Start of Information

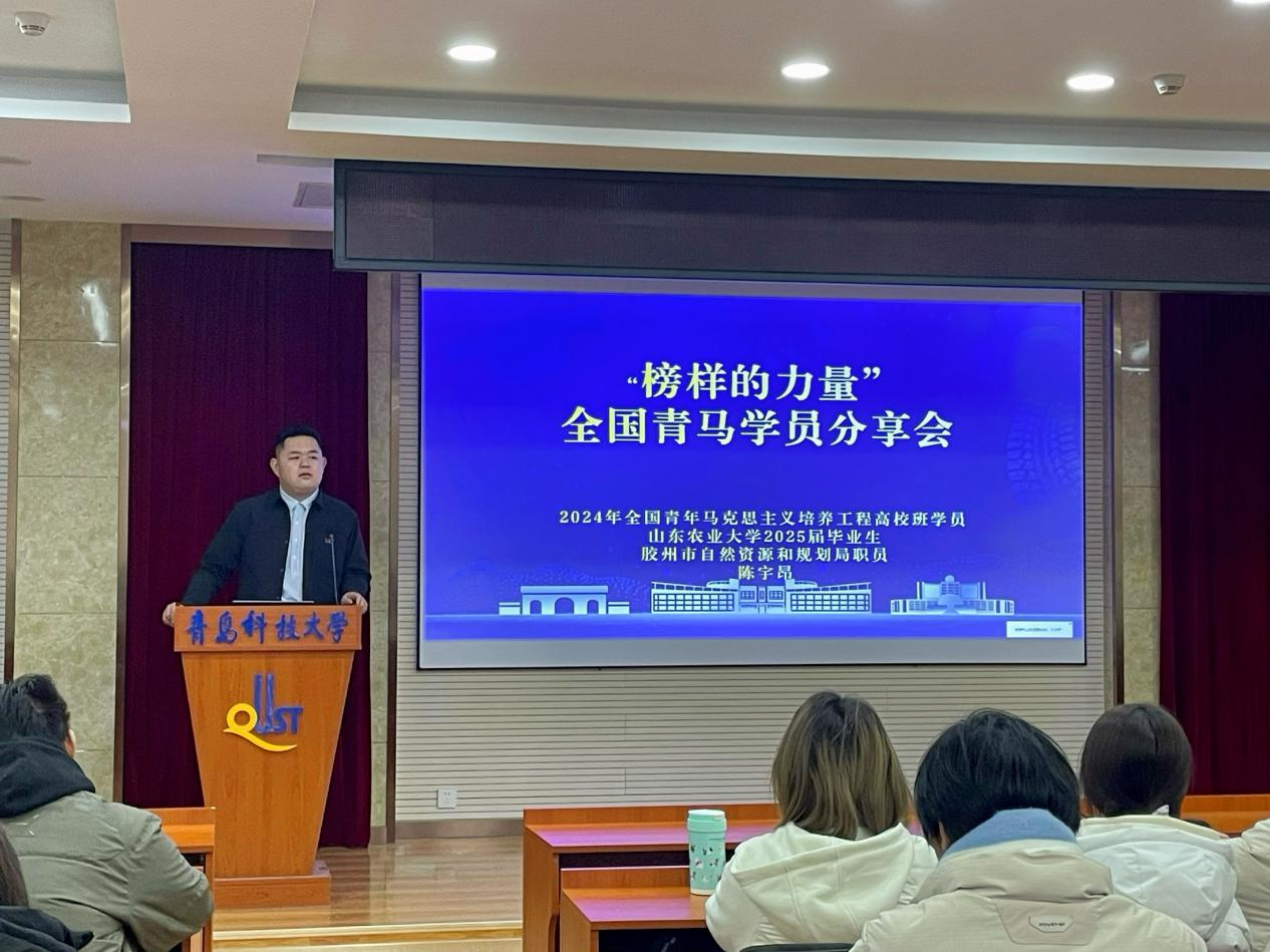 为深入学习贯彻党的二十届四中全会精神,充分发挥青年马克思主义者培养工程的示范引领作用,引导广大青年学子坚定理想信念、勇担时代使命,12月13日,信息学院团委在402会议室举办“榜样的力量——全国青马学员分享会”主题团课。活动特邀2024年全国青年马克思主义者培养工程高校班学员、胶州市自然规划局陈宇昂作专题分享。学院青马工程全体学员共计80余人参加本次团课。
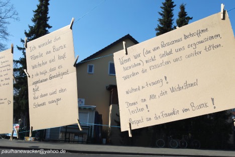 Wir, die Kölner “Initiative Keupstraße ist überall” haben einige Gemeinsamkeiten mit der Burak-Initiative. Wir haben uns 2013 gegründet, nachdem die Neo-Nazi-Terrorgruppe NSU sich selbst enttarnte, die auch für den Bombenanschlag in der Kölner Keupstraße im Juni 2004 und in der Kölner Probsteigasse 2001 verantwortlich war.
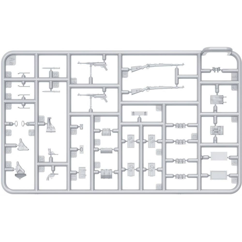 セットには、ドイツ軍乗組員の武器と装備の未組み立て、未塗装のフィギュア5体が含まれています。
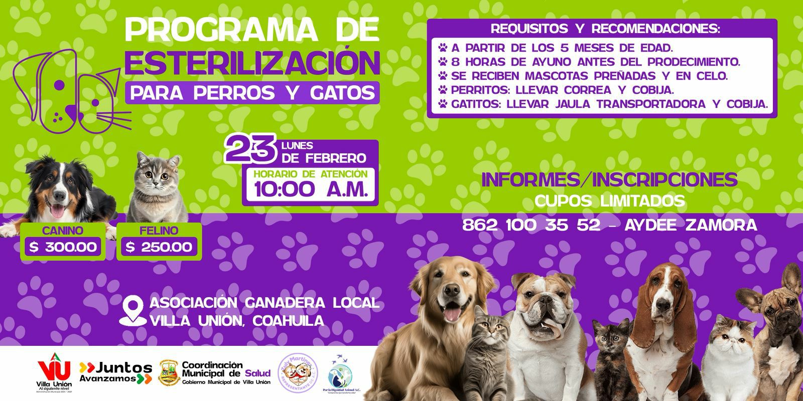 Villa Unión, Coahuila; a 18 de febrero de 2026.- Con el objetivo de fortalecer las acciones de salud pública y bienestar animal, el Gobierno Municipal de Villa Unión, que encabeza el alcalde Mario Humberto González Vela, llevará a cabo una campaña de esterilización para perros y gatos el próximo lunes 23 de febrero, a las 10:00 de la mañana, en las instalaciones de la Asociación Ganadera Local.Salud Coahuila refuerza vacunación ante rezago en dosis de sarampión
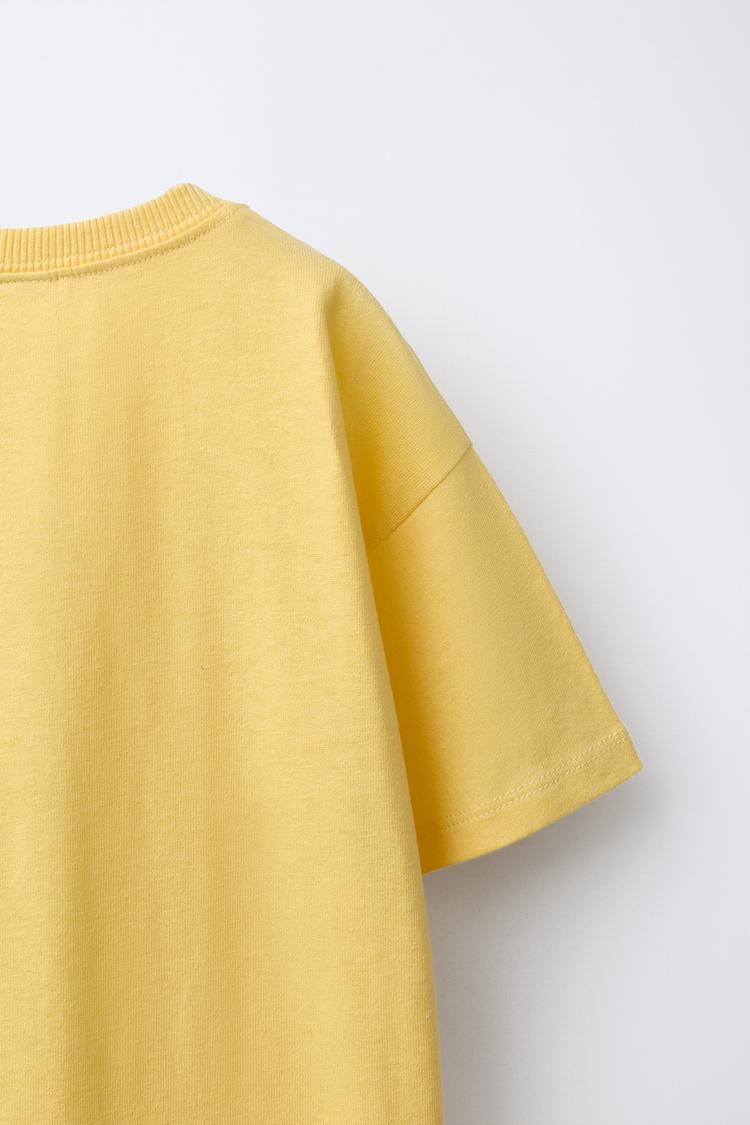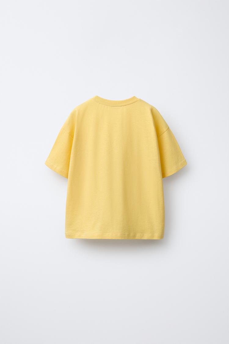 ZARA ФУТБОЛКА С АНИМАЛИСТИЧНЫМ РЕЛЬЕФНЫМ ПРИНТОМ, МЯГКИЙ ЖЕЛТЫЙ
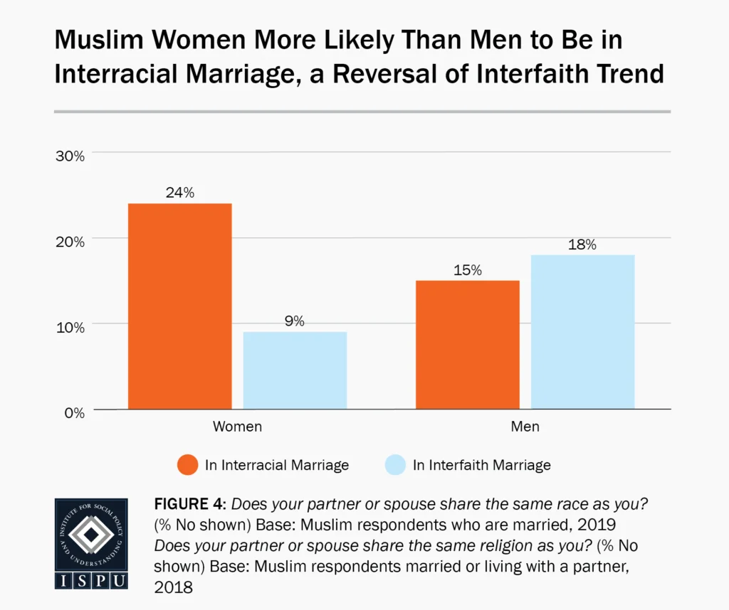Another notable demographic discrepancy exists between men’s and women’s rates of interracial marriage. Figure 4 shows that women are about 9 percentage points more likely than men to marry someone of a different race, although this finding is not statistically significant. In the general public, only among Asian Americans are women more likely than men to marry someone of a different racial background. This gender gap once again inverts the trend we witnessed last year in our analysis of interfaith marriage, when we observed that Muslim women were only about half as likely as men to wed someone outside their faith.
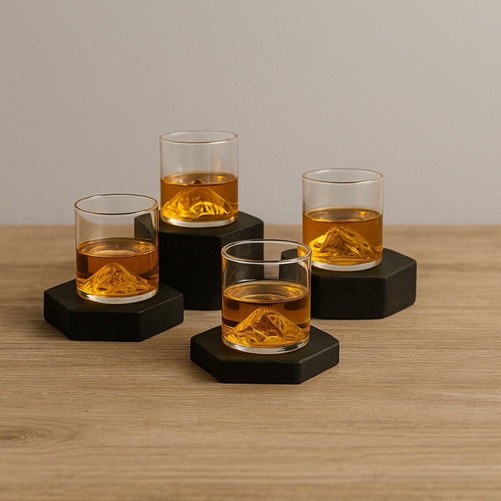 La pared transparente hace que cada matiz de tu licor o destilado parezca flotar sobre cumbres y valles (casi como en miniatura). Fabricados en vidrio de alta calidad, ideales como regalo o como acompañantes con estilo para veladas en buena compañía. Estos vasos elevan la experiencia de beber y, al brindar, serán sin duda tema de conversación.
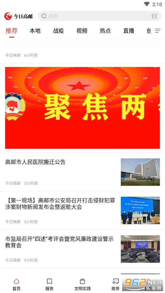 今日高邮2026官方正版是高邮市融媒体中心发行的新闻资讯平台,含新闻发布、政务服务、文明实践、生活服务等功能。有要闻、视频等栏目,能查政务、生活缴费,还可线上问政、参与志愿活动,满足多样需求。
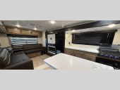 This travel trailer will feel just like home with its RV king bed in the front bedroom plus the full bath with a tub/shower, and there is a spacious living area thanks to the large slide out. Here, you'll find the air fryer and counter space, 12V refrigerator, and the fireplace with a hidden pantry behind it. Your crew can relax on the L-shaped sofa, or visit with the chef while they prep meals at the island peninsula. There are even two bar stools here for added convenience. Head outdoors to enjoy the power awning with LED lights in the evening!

End of Information

→ Problem statement: All entries should be given again exactly, except that pictures are to be excluded.

→ Answer space:
 为深入学习贯彻党的二十届四中全会精神,充分发挥青年马克思主义者培养工程的示范引领作用,引导广大青年学子坚定理想信念、勇担时代使命,12月13日,信息学院团委在402会议室举办“榜样的力量——全国青马学员分享会”主题团课。活动特邀2024年全国青年马克思主义者培养工程高校班学员、胶州市自然规划局陈宇昂作专题分享。学院青马工程全体学员共计80余人参加本次团课。
 Wir, die Kölner “Initiative Keupstraße ist überall” haben einige Gemeinsamkeiten mit der Burak-Initiative. Wir haben uns 2013 gegründet, nachdem die Neo-Nazi-Terrorgruppe NSU sich selbst enttarnte, die auch für den Bombenanschlag in der Kölner Keupstraße im Juni 2004 und in der Kölner Probsteigasse 2001 verantwortlich war.
 セットには、ドイツ軍乗組員の武器と装備の未組み立て、未塗装のフィギュア5体が含まれています。
 Villa Unión, Coahuila; a 18 de febrero de 2026.- Con el objetivo de fortalecer las acciones de salud pública y bienestar animal, el Gobierno Municipal de Villa Unión, que encabeza el alcalde Mario Humberto González Vela, llevará a cabo una campaña de esterilización para perros y gatos el próximo lunes 23 de febrero, a las 10:00 de la mañana, en las instalaciones de la Asociación Ganadera Local.Salud Coahuila refuerza vacunación ante rezago en dosis de sarampión
 ZARA ФУТБОЛКА С АНИМАЛИСТИЧНЫМ РЕЛЬЕФНЫМ ПРИНТОМ, МЯГКИЙ ЖЕЛТЫЙ
Another notable demographic discrepancy exists between men’s and women’s rates of interracial marriage. Figure 4 shows that women are about 9 percentage points more likely than men to marry someone of a different race, although this finding is not statistically significant. In the general public, only among Asian Americans are women more likely than men to marry someone of a different racial background. This gender gap once again inverts the trend we witnessed last year in our analysis of interfaith marriage, when we observed that Muslim women were only about half as likely as men to wed someone outside their faith.
 La pared transparente hace que cada matiz de tu licor o destilado parezca flotar sobre cumbres y valles (casi como en miniatura). Fabricados en vidrio de alta calidad, ideales como regalo o como acompañantes con estilo para veladas en buena compañía. Estos vasos elevan la experiencia de beber y, al brindar, serán sin duda tema de conversación.
 今日高邮2026官方正版是高邮市融媒体中心发行的新闻资讯平台,含新闻发布、政务服务、文明实践、生活服务等功能。有要闻、视频等栏目,能查政务、生活缴费,还可线上问政、参与志愿活动,满足多样需求。
 This travel trailer will feel just like home with its RV king bed in the front bedroom plus the full bath with a tub/shower, and there is a spacious living area thanks to the large slide out. Here, you'll find the air fryer and counter space, 12V refrigerator, and the fireplace with a hidden pantry behind it. Your crew can relax on the L-shaped sofa, or visit with the chef while they prep meals at the island peninsula. There are even two bar stools here for added convenience. Head outdoors to enjoy the power awning with LED lights in the evening!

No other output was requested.